The existing medical consent-tractable DL method for embryo segmentation and viability analysis may depend heavily on high-quality optical images, affecting accuracy in clinical settings. Focusing on the morula phase could overlook critical earlier developmental stages, limiting comprehensive analysis. Additionally, the usage of ML and time-lapse microscopy might be constrained by the availability of quality imaging data and may need to generalize better across species. Furthermore, while AI approaches exhibit promise in enhancing IVF outputs, their efficiency may vary in various clinical scenarios due to insufficient empirical validation. Methods depending on LSTM and CNNs might face difficulty with intrinsic temporal relationships and intrinsic uncertainties in embryo development. Also, findings from animal studies may only partially translate to human embryos, limiting applicability. The proposed risk evaluation methodologies for novel chemicals may also encounter threats in real-world applications, affecting predictive accuracy. Lastly, frameworks designed for fetal ultrasound detection might experience difficulties with various imaging conditions and patient populations, underscoring the requirement for robust, generalizable models. There is a notable gap in applying advanced ML methods for automated fetal ultrasound analysis, specifically in addressing variability across diverse imaging conditions and populations. Additionally, existing approaches often lack robust validation in real-world clinical scenarios, emphasizing the requirement for enhanced techniques that can generalize effectually to improve embryo analysis and monitoring outputs.

3. Proposed Method

In this article, a novel EDMCV-STBDTO method is introduced. The EDMCV-STBDTO method lies in accurate and efficient anomaly detection in embryo development and is critical for improving fertility treatments and advancing developmental biology using medical CV techniques. It includes distinct processes such as image preprocessing, feature extraction, classification-based VAE, and BDTO-based parameter tuning, as demonstrated in Figure 1.

3.1. Noise Reduction

Primarily, the EDMCV-STBDTO method performs image preprocessing using BF to remove the noise [28]. This technique is advantageous as it maintains crucial structural features in the images, unlike conventional filtering models that may blur edges. The BF model mitigates noise by selectively smoothing the image without compromising the data quality, which is crucial for additional evaluation. Furthermore, the BF technique is computationally efficient, making it appropriate for real-time applications. Its capability to adaptively adjust based on local pixel intensity discrepancies improves robustness against diverse noise levels. Overall, utilizing the BF model in the EDMCV-STBDTO method confirms high-quality input for subsequent processing steps, enhancing detection accuracy and reliability. Figure 2 depicts the architecture of the BF technique.

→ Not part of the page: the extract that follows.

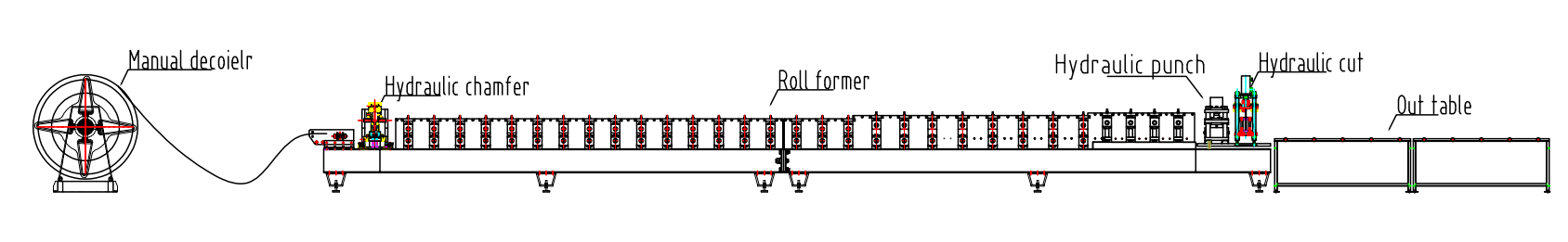 This wire mesh fence post roll forming machine has a basic configuration: manual decoiler-hydraulic chamfer-roll former-hydraulic punch-hydraulic post cut-out table. At the feeding part of the roll forming machine, we make a chamfer device, this is easy for post cutting. The punch system equipped on the roll former, it can reduce the machine’s cost it’s an economic choice, but the working speed will be low, around 4m/min. Customer can choose Case B’s machine configuration if you want a fast speed roll forming machine.

A BF smooths images and decreases noise while maintaining edges. Gaussian blurring is stated mathematically as follows:

G B {[I]}_{p} = \sum_{q \in S} G_{o} (||p = q|| I_{q})

(1)

The result GB

{[I]}_{p}

at pixel

p

is demonstrated directly above, and the RHS successfully consists of all pixels

q

weighted by the Gaussian model representing pixel

q

’s intensity. The BF can be described as follows:

B F [I] p = \frac{1}{W_{p}} \sum_{q \in S} G σ_{s} (||p - q||| G| o_{r}| (|I_{p} - I_{q}| I_{q}))

(2)

where

\frac{1}{W_{p}}

specifies the normalization element,

G o_{r} (|I_{p} - I|)

characterizes range weight, and

(G o_{s} ||p - q||)

means space weight.

In these instances, the range weight and normalization factor are added terms in the previous equation.

σ_{s}

refers to the spatial degree of the kernels, for example, the neighborhood size, and

σ_{r}

represents a lower amplitude of edges. It promises that single pixels with intensity levels equal to the center pixel are calculated to be blurry while keeping sharper intensity fluctuations. The sharper the edge, the lesser the value of

σ_{r}

. This equation results in a Gaussian blur

σ_{r}

by approaching infinities.

3.2. Feature Extraction Using Swin Transformation

Next, the ST method is utilized for the feature extraction method [29]. The feature extraction process using the ST model is a compelling choice due to its capability to capture local and global contextual data through a hierarchical representation. Unlike conventional CNNs, which may face difficulty with complex spatial relationships, the ST model utilizes a shifted windowing mechanism that allows for effectual processing of images at varying scales. This approach improves the capacity of the technique to understand complex patterns and structures within the data, making it specifically efficient for tasks in medical imaging and anomaly detection. Moreover, the ST technique performs better on benchmark datasets, underscoring its robustness and adaptability across various applications. Its integration of self-attention mechanisms enhances feature relevance, confirming that the most informative aspects of the data are prioritized for evaluation. Overall, the ST approach provides a modern, efficient methodology for feature extraction that substantially improves the model’s performance. Figure 3 illustrates the ST model.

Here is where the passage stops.